One view would pay for about 7 downloads. And how many downloads are we likely to see? Probably under 10% of viewers.
I'd turn that option on.
Even after I fixed hardware acceleration, playing a 1080p YouTube video in Firefox using hardware H.264 decoding took more CPU energy (40% of a core) than playing the same video in mpv using software H.264 decoding (20% of a core). Web browsers are just horrifically complex, intractable to understand, and inefficient.
Most likely the reason is that they keep the botguard system for the stuff that matters to them a lot more like account signups and click fraud, and don't want to incentivize the ytdl guys to break it on behalf of spammers/clickfraudsters.
Now if they do it right and only embed some bare JS interpreter, it's still way harder to audit than these < 900 lines, for which it is quite easy to convince oneself that the interpreted script cannot do much.
Having full control like this +simple code is probably lower risk and more maintainable, even if there's the challenge of expanding feature set if scripts change.
The alternative would be a console js shell, but those are very different from browsers so that poses it's own challenges.

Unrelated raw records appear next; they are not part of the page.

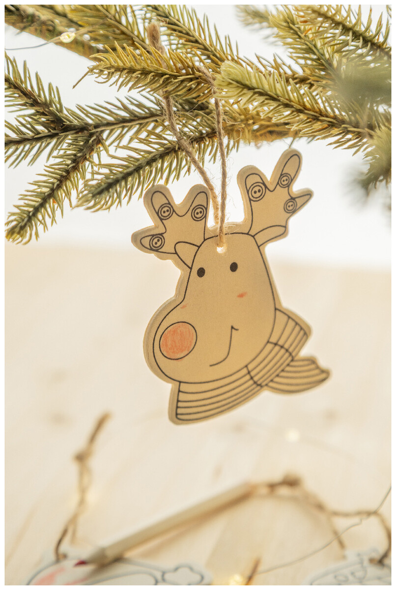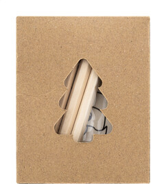 Sada vánočních ozdob na vybarvení v krabičce z kraftového papíru s vyřezávaným vánočním stromečkem. Včetně 3 dřevěných ozdob s konopnou šňůrou a 4 barevných tužek.
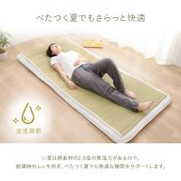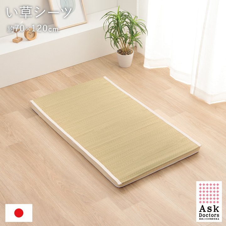 | ■ 医師60名の意見・アイデアから快適な睡眠をサポートするい草寝具をメーカーと共同開発した「アスクドクターズ」シリーズ。長時間、肌に接する寝具だからこそ、自然素材を使い、やわらかな質感にこだわりました。 ■ 国産(九州産)のい草を使用した敷きパッドです。一本一本が太く、表皮が厚く繊維がキメ細かいので弾力性があり、耐久性に優れています。 ■ い草を刈り取った後に行われる、泥染めという工程を省き、素材そのままの無垢のい草を使用しています。粉っぽさがなく、すべすべとした滑らかな肌触りに仕上げました。 ■ 四隅にゴムバンドが付いており、ずれにくくなっています。 ■ い草には吸湿力・調湿効果があり、汗を吸収してさらっと快適な睡眠をサポートします。 ■ 快眠い草の効能として 1.綿の約2.5倍の吸湿力 2.蒸れにくい。汗による湿気を吸うことにより温度を下げ快適な就寝を促します。 3.汗のにおいを軽減。汗のにおいの元となる化学物質を90%以上抑えます。 などがあります。暑苦しい日本の夏でも汗のジメジメを軽減してくれます。 |
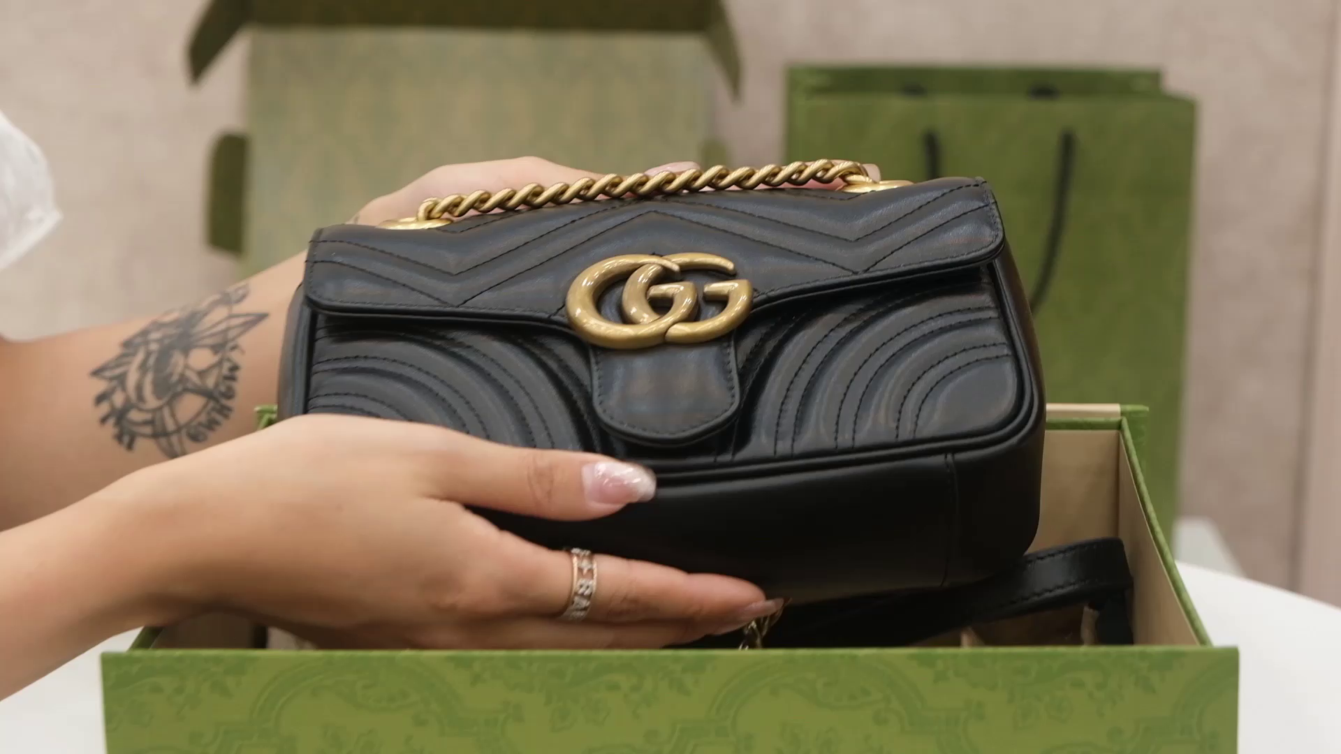 • Gucci GG Marmont small shoulder bag Black leather

https://github.com/PetterS/quickjs
https://github.com/stefano/pyduktape
https://github.com/amol-/dukpy
I can't speak to the quality of those bindings, but they do seem maintained.

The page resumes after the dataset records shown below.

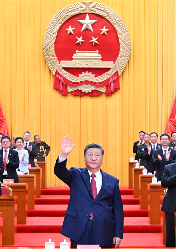 习近平总书记在中共中央政治局常委、全国政协主席、中央代表团团长王沪宁和中共中央政治局常委、中央办公厅主任蔡奇陪同下,健步走上主席台,向全场挥手致意。掌声雷动,经久不息。
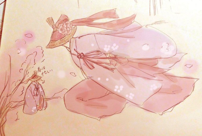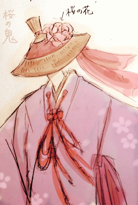 @vwvwv14 桜の鬼。笠を深く被っているので角は見えない。走り回って、桜を満開にしていく。 「鬼」は妖とも神様とも言える存在。
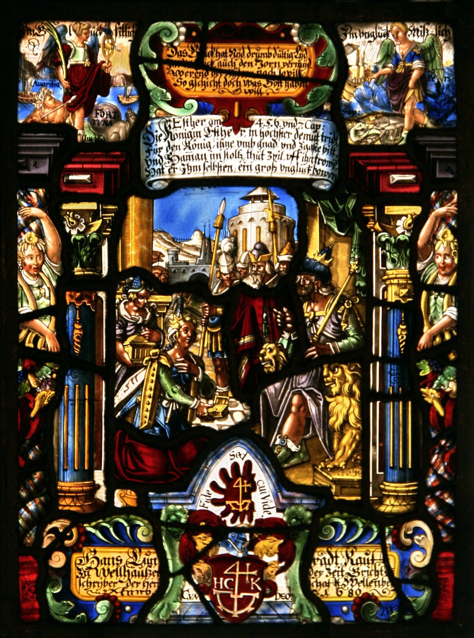 In der Bildmitte kniet Esther vor dem auf dem Löwenthron sitzenden König Ahasver, um Fürsprache für die Juden einzulegen (Est 5, 1–4). Neben ihr steht eine weitere Bittstellerin, neben dem König halten Soldaten Wache. Im Hintergrund ist eine Stadt zu erblicken. Je ein Pfeiler mit vorgesetzter blauer Halbsäule sowie eine Spiralsäule mit Karyatide begrenzen die Szene seitlich. Am unteren Rand ist das Vollwappen des Stifters vor die Inschriftenkartusche mit dessen Namen gesetzt. Über dem mit einer Schriftrolle belegten Gebälk ist eine weitere Kartusche mit einem Spruch angebracht. Links davon erscheint die Fortuna mit Flügeln und dem Schicksalsrad in der Hand. Sie steht vor ruhigem Meer und zu ihren Füssen befinden sich als Allegorien für Geiz und Neid ein Mann mit Speer sowie ein Hund. Auf der Gegenseite ist ebenfalls eine geflügelte Frauenfigur dargestellt, diesmal vor stürmischem Meer. Von zwei Seeungeheuern sowie einer Teufelsgestalt (Stolz und Verfolgung) begleitet, symbolisiert sie das Unglück.

Cue libv8-node+mini_racer from which PyMiniRacer was born. It is non-trivial but not as hard as one might think.
The most painful part is the libv8 build system and Google-centric tooling (depot tools!), which makes it an absolute PITA for libv8 consumers that are not Google/Chrome.
This is why the libv8 gem was atrocious to keep up to date and to build for several platforms, and why libv8-node was born, because the node build system and source distribution are actually sane (props to their relentless work on which we piggyback on)
Disclaimer: worked at Sqreen, now maintainer of libv8-node and collaborator of mini_racer
https://github.com/sqreen/PyMiniRacer
Another option is to use node, but it also has weird limitations/behaviors when running code.